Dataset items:

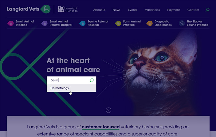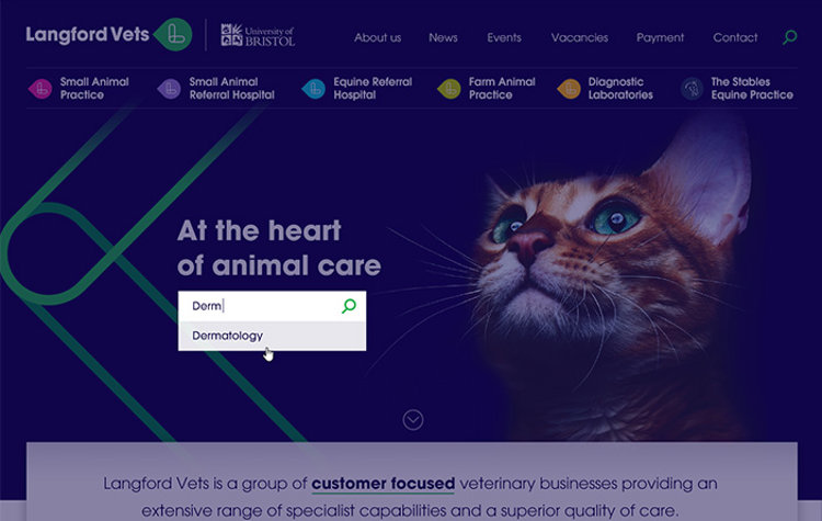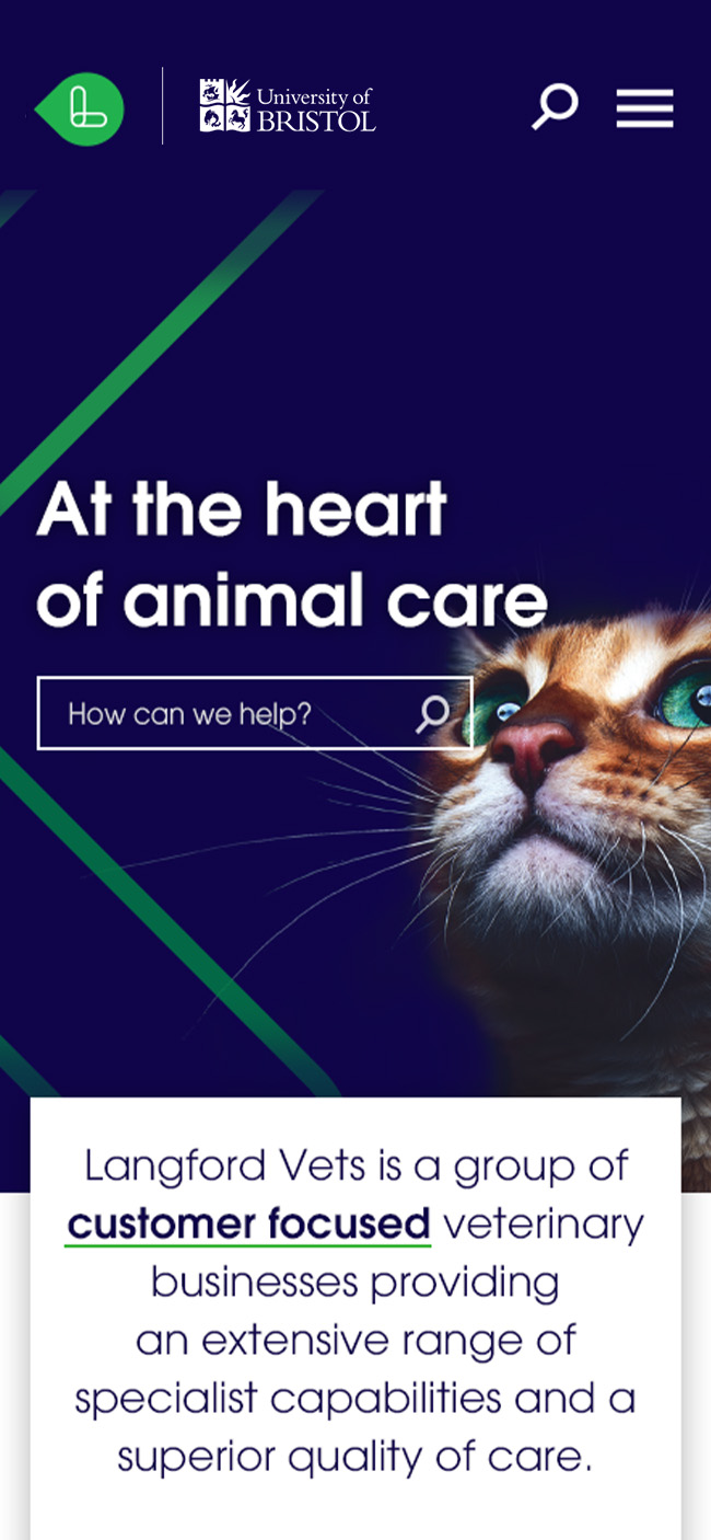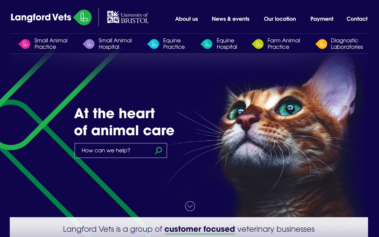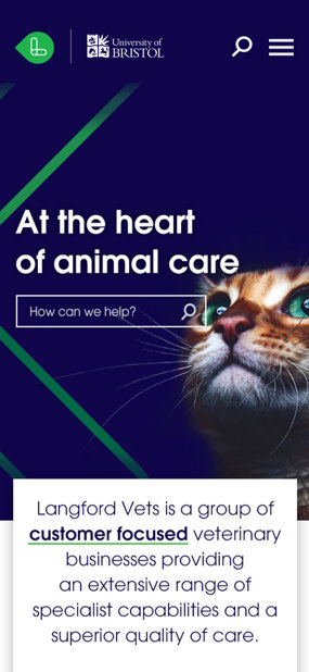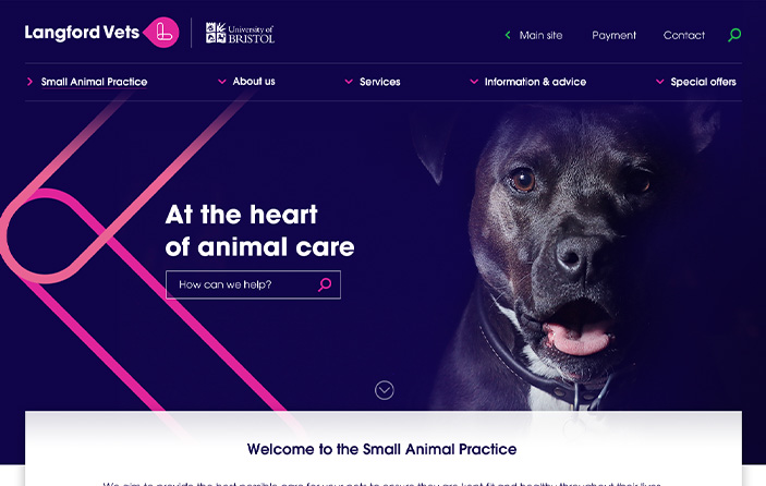 We were tasked with giving Langford Vets a whole new elegant look and feel with a complete rebrand. Our creative and user experience teams embraced the large UX challenge to create one site for the multiple practices, while establishing clear messaging for both Vets and pet owners. Our UX experts were also able to effectively guide the user through areas of the site that encouraged cross-selling of relevant services.
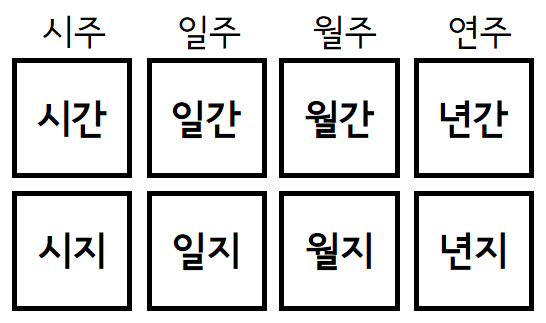 각각의 기둥을 일컬어 년주, 월주, 일주, 시주라고 합니다~
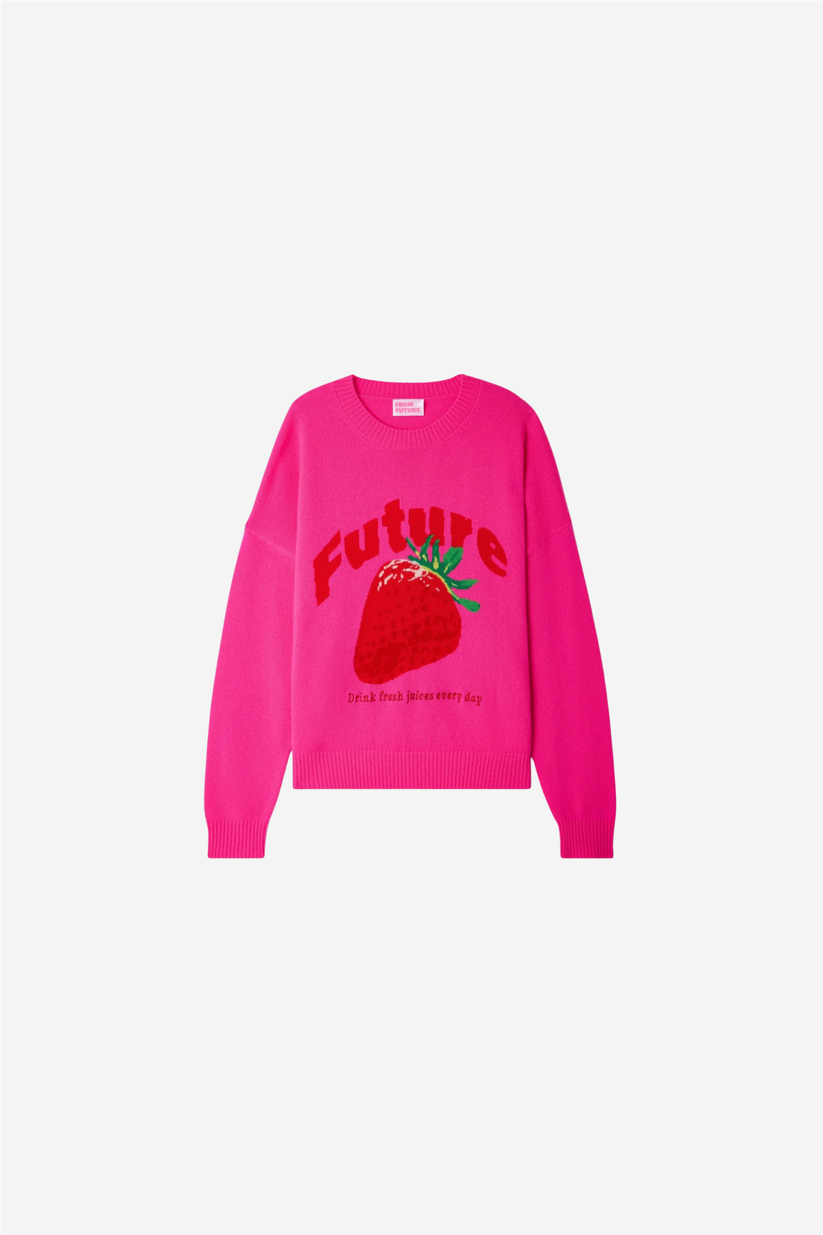 Future Intarsia Crewneck fra From Future. Gourmet-genseren. Strikket i 2-tråds kasjmir som gir en myk og lett kvalitet. Den tidløse passformen løftes av et stort jordbærmotiv i intarsiastrikk, kombinert med teksten “Future – Drink fresh juices every day”.
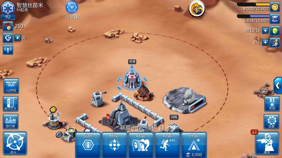 点击联盟中心,会显示一个红色虚线圆圈,这个范围就是驻扎在内的援兵的警戒范围。敌人攻击你的基地时,一旦他们的部队踏入这个范围,联盟中心内的我方援兵就会出现并与他们战斗。那么怎么获得援兵呢?使用联盟中心菜单中的“申请”就可以向联盟成员申请部队了。你也可以在发出申请时打字说明你需要什么类型的部队,比较常用的有飞行摩托(帝国)和反抗军地狱火机器人坦克(反抗军),针对英雄的狙击手更是适用于任何阵营。当然,有借就有还,在接受别人支援的同时,也不要忘记按照他们的需求向他们捐赠部队。打开联盟聊天界面就可以看到联盟成员们的部队申请。到了游戏后期,联盟中心内的部队对基地防御会起到非常大的作用。所以说,早早和盟友们打好关系、达到互惠互利是非常重要的哦。
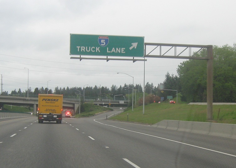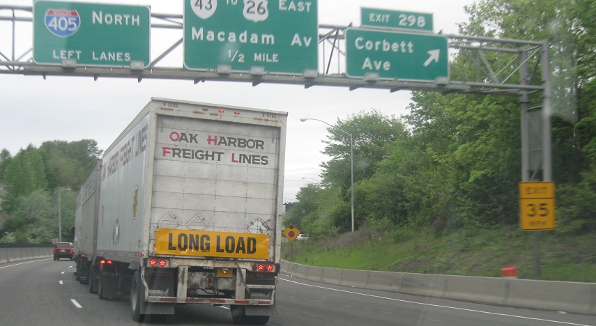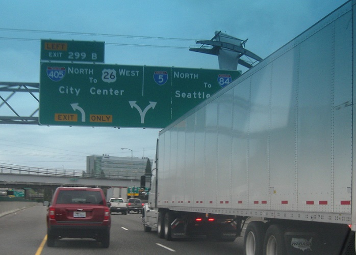 Exit here for a truck lane which heads to a deeper portion of the Barbur Blvd. underpass.
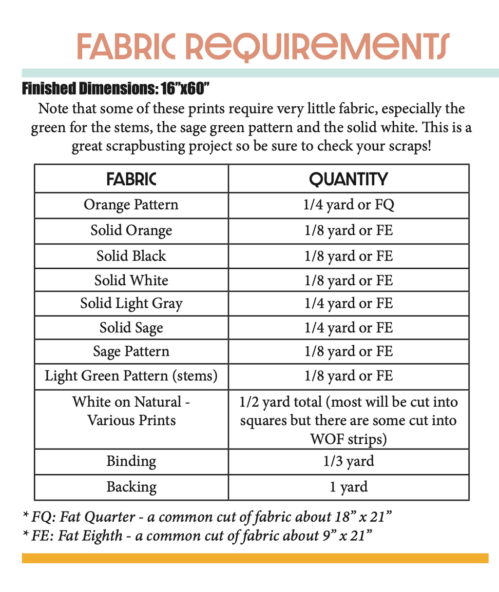 Decorate your fall table with this easy to make table runner pattern. Completely beginner friendly pattern that makes different kinds of pumpkins in fun little patterns. Pieces are easy to cut out but if you're not a fan of cutting make sure to check out our precut kits that use the fabrics shown in the pictures!
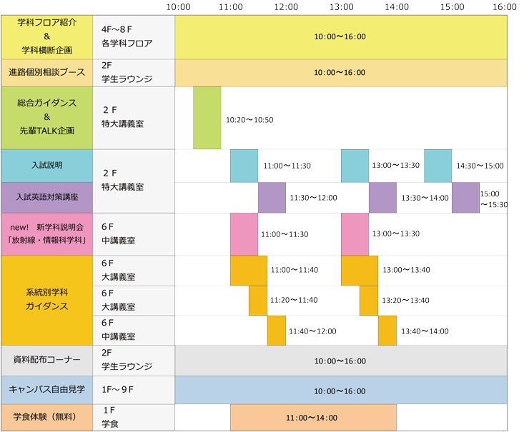 ![]() 学科フロア紹介&学科横断企画 ●体験/相談/模擬講義/先輩プレゼン/交流カフェetc. ●学科の連携がよくわかる学科横断シールラリー |
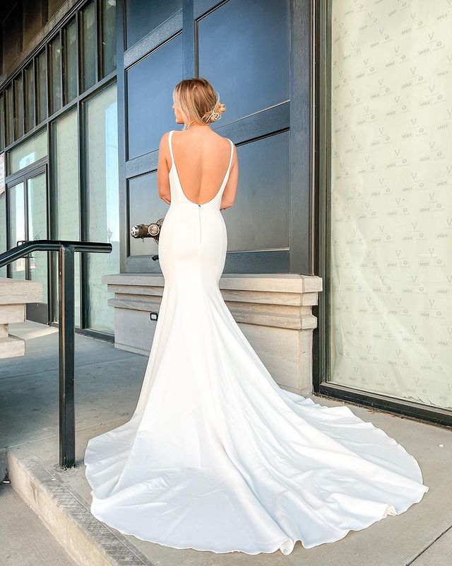 Elegant Mermaid Scoop Neck Satin White Wedding Dresses
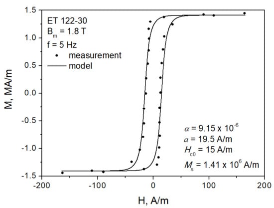 The modeling results for the major loop are depicted in Figure 8. The values of all parameters are also shown in the figure. It can be remarked that the estimated value of the “effective field” coefficient was roughly equal to [,].

Try it: Return every line of the records exactly as given, pictures excluded.

Solution:
 We were tasked with giving Langford Vets a whole new elegant look and feel with a complete rebrand. Our creative and user experience teams embraced the large UX challenge to create one site for the multiple practices, while establishing clear messaging for both Vets and pet owners. Our UX experts were also able to effectively guide the user through areas of the site that encouraged cross-selling of relevant services.
 각각의 기둥을 일컬어 년주, 월주, 일주, 시주라고 합니다~
 Future Intarsia Crewneck fra From Future. Gourmet-genseren. Strikket i 2-tråds kasjmir som gir en myk og lett kvalitet. Den tidløse passformen løftes av et stort jordbærmotiv i intarsiastrikk, kombinert med teksten “Future – Drink fresh juices every day”.
 点击联盟中心,会显示一个红色虚线圆圈,这个范围就是驻扎在内的援兵的警戒范围。敌人攻击你的基地时,一旦他们的部队踏入这个范围,联盟中心内的我方援兵就会出现并与他们战斗。那么怎么获得援兵呢?使用联盟中心菜单中的“申请”就可以向联盟成员申请部队了。你也可以在发出申请时打字说明你需要什么类型的部队,比较常用的有飞行摩托(帝国)和反抗军地狱火机器人坦克(反抗军),针对英雄的狙击手更是适用于任何阵营。当然,有借就有还,在接受别人支援的同时,也不要忘记按照他们的需求向他们捐赠部队。打开联盟聊天界面就可以看到联盟成员们的部队申请。到了游戏后期,联盟中心内的部队对基地防御会起到非常大的作用。所以说,早早和盟友们打好关系、达到互惠互利是非常重要的哦。
 Exit here for a truck lane which heads to a deeper portion of the Barbur Blvd. underpass.
 Decorate your fall table with this easy to make table runner pattern. Completely beginner friendly pattern that makes different kinds of pumpkins in fun little patterns. Pieces are easy to cut out but if you're not a fan of cutting make sure to check out our precut kits that use the fabrics shown in the pictures!
 ![]() 学科フロア紹介&学科横断企画 ●体験/相談/模擬講義/先輩プレゼン/交流カフェetc. ●学科の連携がよくわかる学科横断シールラリー |
 Elegant Mermaid Scoop Neck Satin White Wedding Dresses
 The modeling results for the major loop are depicted in Figure 8. The values of all parameters are also shown in the figure. It can be remarked that the estimated value of the “effective field” coefficient was roughly equal to [,].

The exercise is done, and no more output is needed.